Ну, я быстренько повторила, что ничего пока не решено, что многое будет зависеть от сроков окончания картины, что, как только все прояснится окончательно, я немедленно позвоню или дам телеграмму… Потом крикнула:
– Целую! – и повесила трубку.
Вышла на улицу, отдышалась немного, затем вернулась на переговорный и попросила девушек вызвать Москву. Ощущение полнейшего тупика вынуждало меня все же позвонить ему… Сквозь тоску и одиночество робко светил еще огонек надежды.
– Хочешь, я брошу все и останусь? – спросил он перед отлетом…
Таня забыла, видимо, что раз уже сказала мне это, но я не посмел ей напомнить – с таким нетерпением ждал я рассказа о том, что же ответил ей ее возлюбленный, какое решение принял он в ситуации, в которой столько порядочных вроде бы людей терпит фиаско.
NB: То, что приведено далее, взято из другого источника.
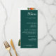 El menú Boda presenta una sofisticada selección de delicias culinarias en un entorno verde y exuberante que recuerda a la vegetación que se encuentra en un jardín aislado o en un tranquilo bosque de vidrio. El verde y profundo matiz de la sala crea un aura de opulencia y elegancia, lo que la convierte en el escenario de una experiencia gastronómica inolvidable. La elegante cabecera marca el tono para una celebración refinada, invitando a los huéspedes a disfrutar de una fiesta para los sentidos. Personalice este exquisito menú con sus nombres y fecha, añadiendo un toque a medida que lo transforma en un querido toque de su día especial. En medio de un tranquilo fondo blanco, un único pájaro de flores del paraíso adorna el espacio, con sus vivos tonos que capturan la esencia de la elegancia tropical. Con este telón de fondo, se invita a los huéspedes a profundizar en la historia de amor de la pareja, con espacio para un mensaje especial, una frase sentida o detalles íntimos que reflejan el viaje de amor y compromiso compartido por los recién casados. Este reverso del menú no sólo sirve como guía práctica para las delicias culinarias que esperan a los clientes, sino también como un conmovedor homenaje al vínculo único de la pareja, asegurándose de que cada aspecto de la celebración boda esté impregnado de calidez, alegría y significado personal.

И еще, я слишком хорошо представлял себе в эту минуту, как Таня, ставший мне уже дорогим человечек, входит в кабину, как судорожно сжимает трубку и произносит свое «алло!», как перехватывает у нее дыхание, как неровно и тяжко бьется сердце…
…Вы понимаете, услышать сейчас его голос – ведь это было равносильно чуду! А как ему все это сказать? На этот раз я никакого обходного маневра даже и не придумывала – все равно не смогла бы им воспользоваться… А как к нему обращаться – на «вы»? На «ты»?
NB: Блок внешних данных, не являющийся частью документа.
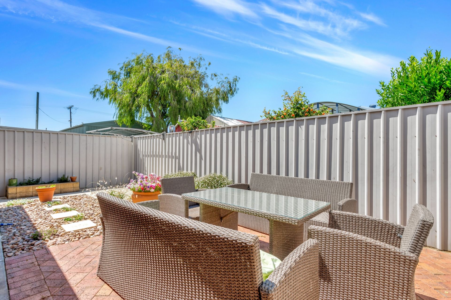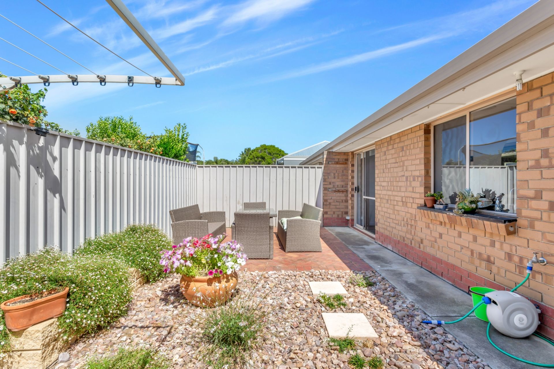 > carport parking for 1 and low maintenance yard
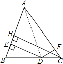 ∴S△ABD=$\frac{1}{2}$AB•DE,S△ACD=$\frac{1}{2}$AC•DF,S△ABC=$\frac{1}{2}$AB•CH,
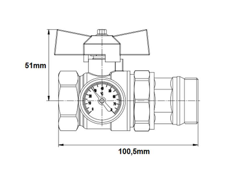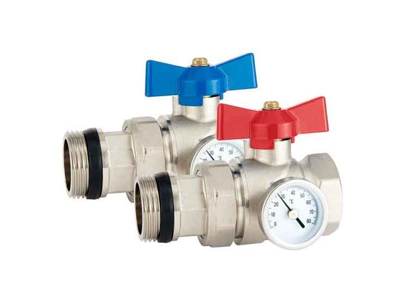 Palloventtiilit DN25 lämpömittarilla lyhyt 2 kpl.

– Вас слушают, – холодно и казенно донеслось из бездны. Голос был женский… Дочь? Жена? Секретарша? Кажется, писателям разрешают брать секретарей… На дочь непохоже, скорее всего эта женщина немолода…
Как видите, ситуация сразу осложнилась, но ни повесить трубку, ни позвонить в другой раз мне было нельзя.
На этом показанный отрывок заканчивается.